▶ Work to complete
Leaving out all pictures, copy the lines below exactly, from the line with "crackmapexec smb 10.10.11.108" to the last line, both ends included.

▶ Stored data
——————————
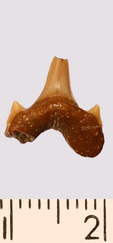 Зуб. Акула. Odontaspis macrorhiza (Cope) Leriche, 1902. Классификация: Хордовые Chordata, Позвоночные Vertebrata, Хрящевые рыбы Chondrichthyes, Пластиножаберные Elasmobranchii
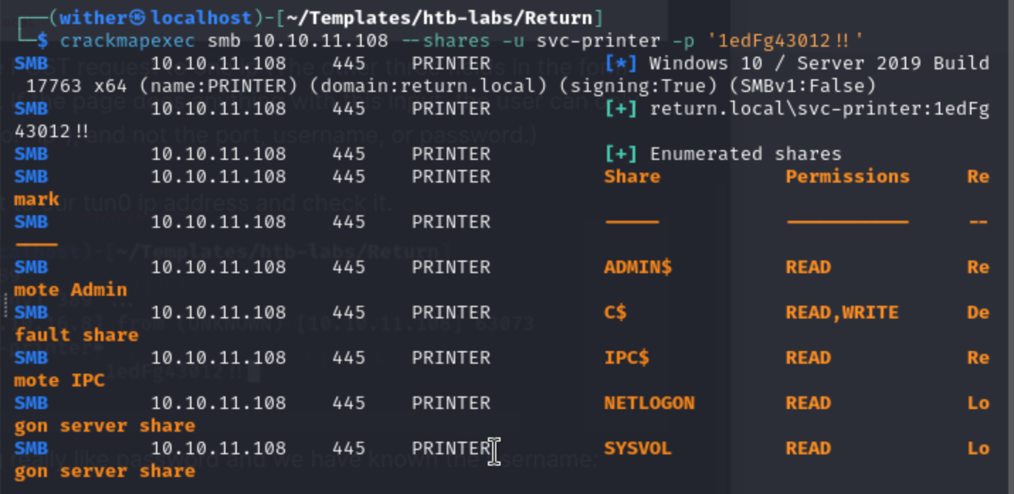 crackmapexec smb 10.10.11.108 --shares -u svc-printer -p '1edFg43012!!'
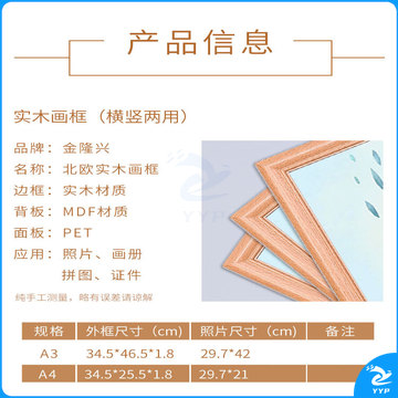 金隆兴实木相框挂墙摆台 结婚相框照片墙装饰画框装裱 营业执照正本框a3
——————————
▶ Output for this task
 crackmapexec smb 10.10.11.108 --shares -u svc-printer -p '1edFg43012!!'
 金隆兴实木相框挂墙摆台 结婚相框照片墙装饰画框装裱 营业执照正本框a3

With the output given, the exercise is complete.